Docs

Sponsorship rules

You can easily define rules around which transactions (User Ops) the paymaster should sponsor. This can be used to prevent abuse, progressively onboard users, and incentivize specific in-app actions.

You can set the following sponsorship rules

  • Global spend limits: Maximum gas cost (in USD) that you want to sponsor. This applies for the duration of the billing period (monthly).
  • Server verifier: This is a general-purpose check that can be used to define custom rules. Before a transaction is sent, it checks with an endpoint that you specify whether it should be sponsored or not.
  • Contract address restrictions: Use this if you want to sponsor transactions sent only to a specific set of contracts. Transactions sent to contracts outside this allowlist will remain unsponsored.
  • Chain restrictions: Use this if you want to sponsor transactions only on certain chains. If this is not set, transactions on all supported chains will be sponsored.
  • User lists: You can use this define allowlists or blocklists. Allowlists let you restrict sponsored transactions to transactions sent by a specific set of known accounts. Blocklists let you block bad actors from abusing your paymaster.
  • Admin accounts: These accounts are not subject to any sponsorship rule, all their transactions will be sponsored. Use this only with accounts that you control (eg. for testing purposes).

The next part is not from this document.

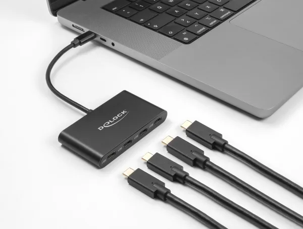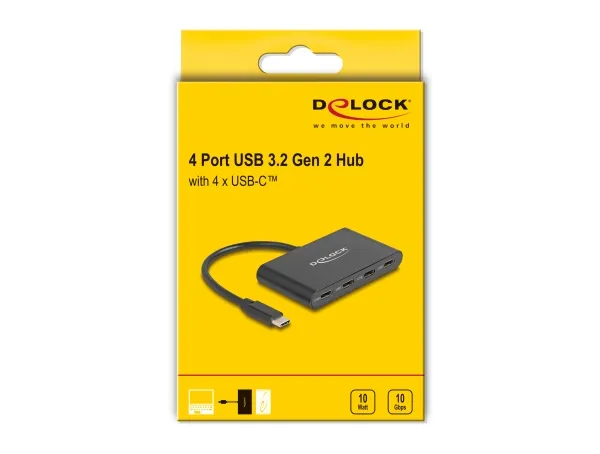 Discover the power of enhanced connectivity with the Delock USB hub. Designed for those who demand high-speed data transfer and versatile functionality, this hub features four USB-C 3.2 Gen 2 ports, each capable of up to 10 Gbps transfer speeds, ensuring your data moves quickly and reliably. The hub is encased in a durable aluminum housing, making it a robust addition to your desktop setup. With the inclusion of DisplayPort Alternate mode, it goes beyond traditional hubs by supporting video output, perfect for presentations or extending your workspace. Included in the package is a 15 cm USB-C cable, facilitating an easy connection to your devices. Whether for professional use, gaming, or multimedia, this hub is designed to meet the demands of any high-performance setup.

We highly recommend that you set sponsorship rules before your app goes live to prevent malicious actors from abusing your paymaster, which could lead to unexpectedly large bills.

Setting Sponsorship rules

You can easily set sponsorship rules by going to the configuration tab in the Account abstraction dashboard..To use them in your app all you need to do is pass your API key, and sponsorship rules will automatically be applied.

Setting up a server verifier

You can set up a server verifier by providing a URL that the paymaster will call before sponsoring a transaction. This allows for fine grained control over which transactions are sponsored.

The thirdweb infrastructure will send a POST request to the URL you specify with the following JSON payload:

// thirdweb will call your server with the following JSON body as a POST request
{
clientId: string; // the clientId that is making the request
chainId: number; // the chainId of the transaction
userOp: {
sender: string; // the address of the sender
targets: string[]; // the addresses of the target contracts or wallets
gasLimit: string; // the gas limit of the transaction
gasPrice: string; // the gas price of the transaction in wei
};
}

Your server should respond with a 200 and the following JSON payload:

// You should respond with the following JSON payload
{
isAllowed: boolean; // whether the transaction should be sponsored or not
reason: string?; // optional reason for why the transaction is not allowed
}

Note: for performance reasons, your server should respond within 5 seconds. If it takes longer, the transaction will be unsponsored.

FAQs

What happens if a limit is hit? Does the transaction fail or does it go unsponsored?

If a limit is hit the transaction will go unsponsored. If you are spinning up fresh accounts for users in your app, it is unlikely that the user accounts will hold any funds. You can catch the following out of funds error to gracefully handle this within your app AA21 didn't pay prefund.

What networks are sponsorship rules available in?

Sponsorship rules apply across all the networks that we support account abstraction in. You don't need to specify different rules for each network or each account factory as long as they use the same client ID. However, you can restrict sponsored transactions to specific networks if you choose to.

Will sponsorship rules work with third-party paymasters?

No, sponsorship rules will apply if you are using thirdweb's paymaster.

Pricing

Setting a server verifier requires your account to be on the growth plan. The other policies are free to use. There is no usage based pricing for policies.